Why is it that when people answer the question “What’s the worst thing anyone’s ever said to you?” in the Guardian questionnaire they never say, “You’ve been served”?

Summer’s nearly over. I look at the angle of the sunlight as it strikes the back terrace of the Hovel. I have been here long enough to use the terrace as a gnomon marking the passage of the year. I need, like the protagonists of Withnail and I, to go to the countryside to rejuvenate.

Last week when the Perseids were meant to be in full flow I asked frantically on a social medium for people to chum me along on a midnight walk on Hampstead Heath. In the end my new friends A— and her husband, C—, together with his new friend (whose initial I have forgotten, but he is Australian, if that helps), stepped up to the plate and after a couple at the Flask we went on a wide-ranging tour, which was a bust as far as seeing meteors – or my favourite tree – went, but was still hugely enjoyable. At about 2 am they packed me into an Uber and I went home happy, but I still felt as if I could do with more countryside.

The next few days made me even more anxious to get out of London. There are ominous signs that some serious roadworks are going to be taking place outside my bedroom window any day now. A bailiff came and rang the doorbell and I didn’t have the heart, or the nerve, to say that Nicholas Lezard was not at home at the moment and, is, in fact, on a walking tour of Patagonia now I come to think of it, due back some time next year. I just took the piece of paper into my hands as if it were a chicken come home to roost.

The previous day, presumably the same bailiff had come round and asked if Mr Lizard was in, and my housemate gallantly – and quite truthfully – said “no”. (Why is it that when people answer the question “What’s the worst thing anyone’s ever said to you?” in the Guardian questionnaire they never say, “You’ve been served”? Maybe it’s because they haven’t ever been.) In addition, as I said last week, the cleaning lady is on holiday and the Hovel is starting to look distinctly seedy.

So, then I get a call from a person who once featured quite prominently in this column, some time ago. This person is bored and wants me to go to his or her town and alleviate his or her boredom.

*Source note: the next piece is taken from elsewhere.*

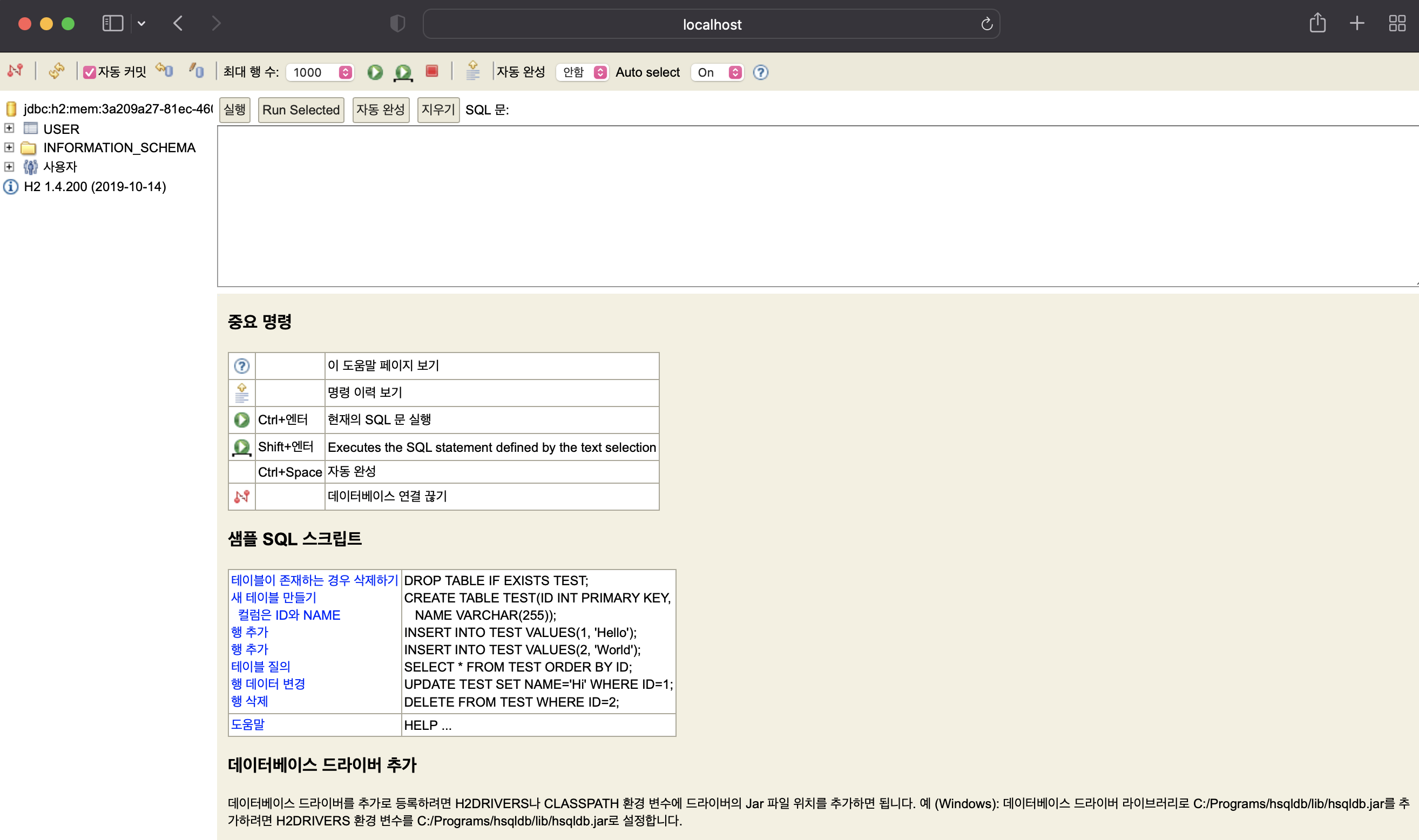 2-1. localhost:8080/h2-console 접속

This person and I parted company in circumstances that were far from ideal some time ago, and only recently have diplomatic relations been resumed.

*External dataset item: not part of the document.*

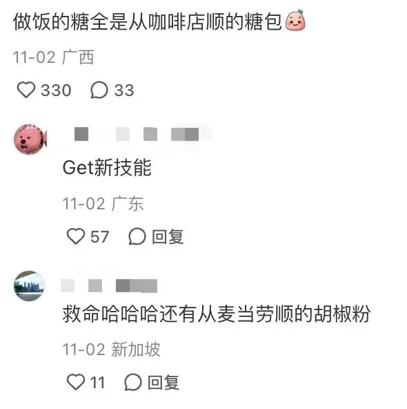 做饭的糖是咖啡店的,胡椒是麦当劳顺来的。

It is too late, I say, for me to get on the train now; but when I have reviewed the book I am meant to be reviewing, I will hop on the train tomorrow around noon. And so I do, despite some monkey business from the departures board at King’s Cross, which tells passengers the 12:44 has been cancelled, then hasn’t been, then has, then hasn’t after all, while the 12:14 has slipped away like a thief in the night without telling anyone it was doing so.

I wonder if my return to the town of ——— is wise. As a dog returneth to its vomit, so doth a fool return to his folly. And the burnt hand fears the fire. Look, I say to myself, all we’re doing is going to have a picnic by the river. As we buy our supplies, the stallholder at the market asks if I am my companion’s husband. “No, he’s my picnic buddy,” he or she replies. “Never heard it called that before,” says the stallholder.

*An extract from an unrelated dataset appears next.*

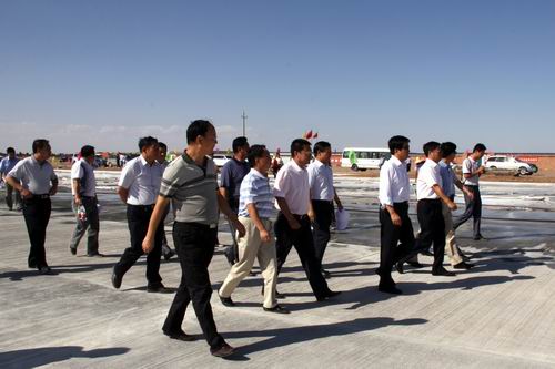 8月21日,由喬新山局長(zhǎng)率領(lǐng)的民航西北管理局工作檢查組一行蒞臨金昌機(jī)場(chǎng)飛行區(qū)施工現(xiàn)場(chǎng)檢查指導(dǎo)工作。在飛行區(qū)停機(jī)坪建設(shè)工地,在了解到公司金昌機(jī)場(chǎng)項(xiàng)目部?jī)H用了二十五個(gè)晝夜完成了總面積2.65萬平方米停機(jī)坪道面工程的情況后,對(duì)大家的辛勤勞動(dòng)給予了充分肯定,并鼓勵(lì)廣大建設(shè)者繼續(xù)鼓足干勁、克服困難,發(fā)揚(yáng)求真務(wù)實(shí)、艱苦奮斗的作風(fēng),確保工程按期完工。

And the day passes perfectly pleasantly. We have two bottles of wine, cheese and smoked salmon pâté with crusty bread. People in punts drift past us, with varying degrees of competence. I remember it is A-level results day and call the eldest boy to ask how he’s done. He’s done well enough, it turns out, to get a place at university, though he feels obliged to point out that his results came in exactly a year ago. This is the kind of thing that happens when the number of children you have exceeds your mental bandwidth.

Later on, a porter from the college behind which we are picnicking asks me if I am a member, or an alumni. “Alumnus,” I correct him gently, hoping that this should establish my credentials. He asks for my name, and he radios the porters’ lodge to check my veracity. For some reason it takes him several goes to get my name right.

One of these goes is “Lizard”. We offer him some cheese, but he refuses, on the grounds that he has just had a banana and a cup of tea. I could live in a guest room here, I reflect, at not much higher rent than one pays in London. And the beauty of it is that the police, and presumably bailiffs, have to ask permission to go through the gates. 

Nicholas Lezard is a literary critic for the Guardian and also writes for the Independent. He writes the Down and Out in London column for the New Statesman.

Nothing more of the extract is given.